**PROBLEM TO WORK ON**.
From the listing that follows, reproduce only the lines from the one holding "Väri on petrooli, eli" through the one holding "Midi-Tüte mit Werbereiter", both included, with no pictures.

**SOURCE MATERIAL**.
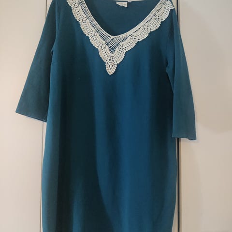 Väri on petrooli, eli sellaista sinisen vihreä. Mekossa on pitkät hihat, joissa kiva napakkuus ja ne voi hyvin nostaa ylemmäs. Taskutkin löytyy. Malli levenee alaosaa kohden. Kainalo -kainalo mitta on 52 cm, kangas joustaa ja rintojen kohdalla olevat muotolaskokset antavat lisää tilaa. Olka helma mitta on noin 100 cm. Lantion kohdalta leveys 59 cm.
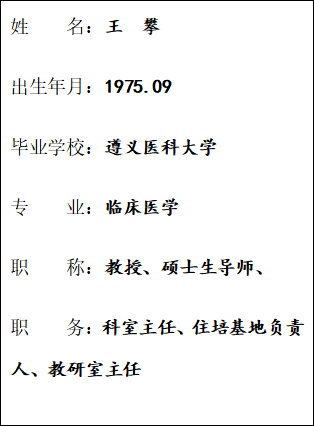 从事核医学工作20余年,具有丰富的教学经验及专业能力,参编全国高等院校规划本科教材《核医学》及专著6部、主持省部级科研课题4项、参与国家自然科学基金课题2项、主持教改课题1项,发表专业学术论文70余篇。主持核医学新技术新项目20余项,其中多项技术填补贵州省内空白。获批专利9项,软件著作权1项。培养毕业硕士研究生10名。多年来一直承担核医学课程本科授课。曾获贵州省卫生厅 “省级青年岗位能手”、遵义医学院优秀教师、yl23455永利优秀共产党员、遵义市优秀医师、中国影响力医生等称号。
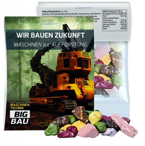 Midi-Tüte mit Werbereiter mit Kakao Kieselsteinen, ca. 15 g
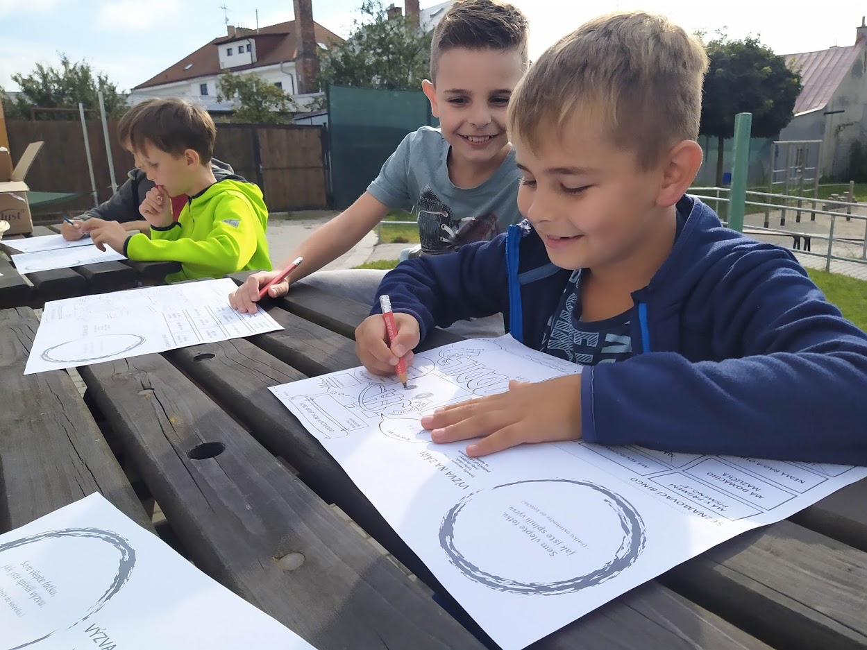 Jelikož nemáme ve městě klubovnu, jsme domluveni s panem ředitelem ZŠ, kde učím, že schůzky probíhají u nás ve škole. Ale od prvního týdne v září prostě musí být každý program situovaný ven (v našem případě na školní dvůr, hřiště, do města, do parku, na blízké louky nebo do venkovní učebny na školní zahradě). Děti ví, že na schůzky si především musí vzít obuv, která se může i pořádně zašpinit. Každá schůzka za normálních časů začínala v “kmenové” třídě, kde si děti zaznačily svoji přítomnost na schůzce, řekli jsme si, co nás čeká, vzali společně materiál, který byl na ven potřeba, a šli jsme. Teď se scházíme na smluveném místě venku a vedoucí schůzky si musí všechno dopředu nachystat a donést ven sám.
==
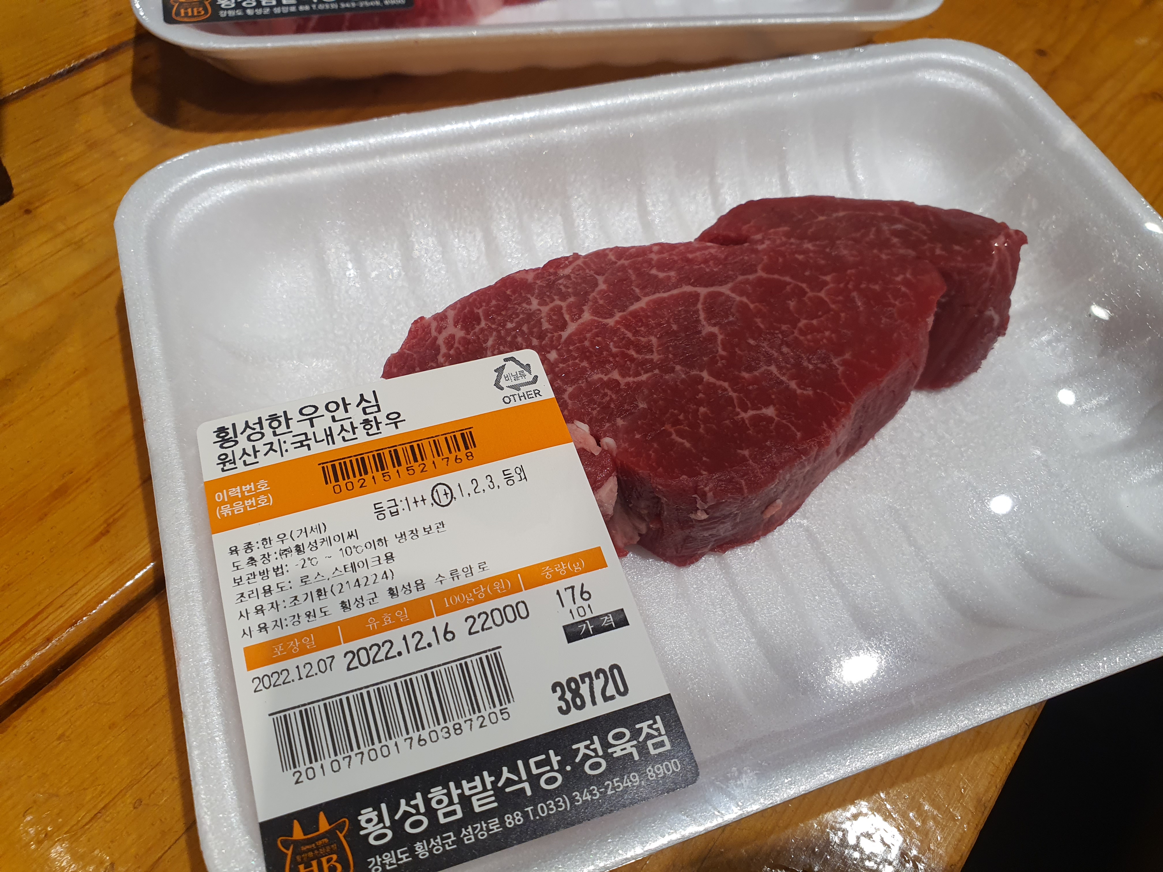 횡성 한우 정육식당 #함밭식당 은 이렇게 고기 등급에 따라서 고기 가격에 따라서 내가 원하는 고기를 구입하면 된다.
---
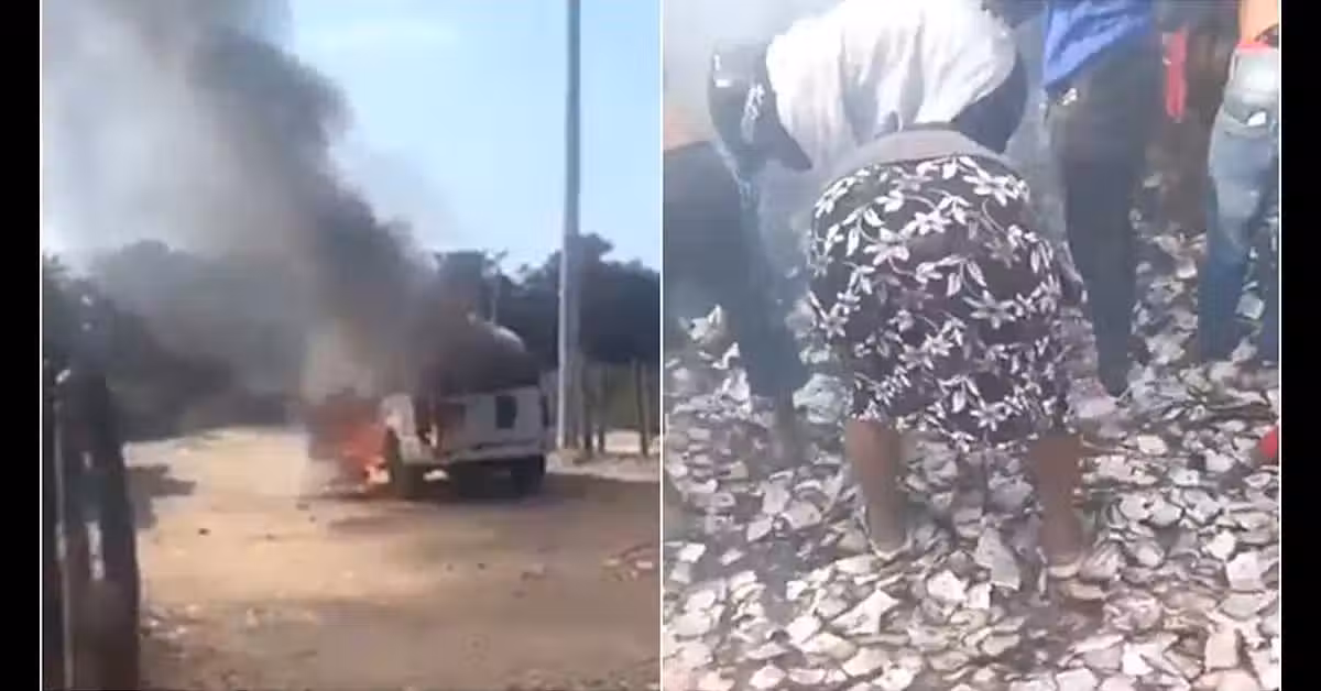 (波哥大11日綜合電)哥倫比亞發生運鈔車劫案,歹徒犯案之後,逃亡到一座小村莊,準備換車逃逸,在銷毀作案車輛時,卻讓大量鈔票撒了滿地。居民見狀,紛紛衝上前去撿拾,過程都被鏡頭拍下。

**PROBLEM SOLUTION**.
 Väri on petrooli, eli sellaista sinisen vihreä. Mekossa on pitkät hihat, joissa kiva napakkuus ja ne voi hyvin nostaa ylemmäs. Taskutkin löytyy. Malli levenee alaosaa kohden. Kainalo -kainalo mitta on 52 cm, kangas joustaa ja rintojen kohdalla olevat muotolaskokset antavat lisää tilaa. Olka helma mitta on noin 100 cm. Lantion kohdalta leveys 59 cm.
 从事核医学工作20余年,具有丰富的教学经验及专业能力,参编全国高等院校规划本科教材《核医学》及专著6部、主持省部级科研课题4项、参与国家自然科学基金课题2项、主持教改课题1项,发表专业学术论文70余篇。主持核医学新技术新项目20余项,其中多项技术填补贵州省内空白。获批专利9项,软件著作权1项。培养毕业硕士研究生10名。多年来一直承担核医学课程本科授课。曾获贵州省卫生厅 “省级青年岗位能手”、遵义医学院优秀教师、yl23455永利优秀共产党员、遵义市优秀医师、中国影响力医生等称号。
 Midi-Tüte mit Werbereiter mit Kakao Kieselsteinen, ca. 15 g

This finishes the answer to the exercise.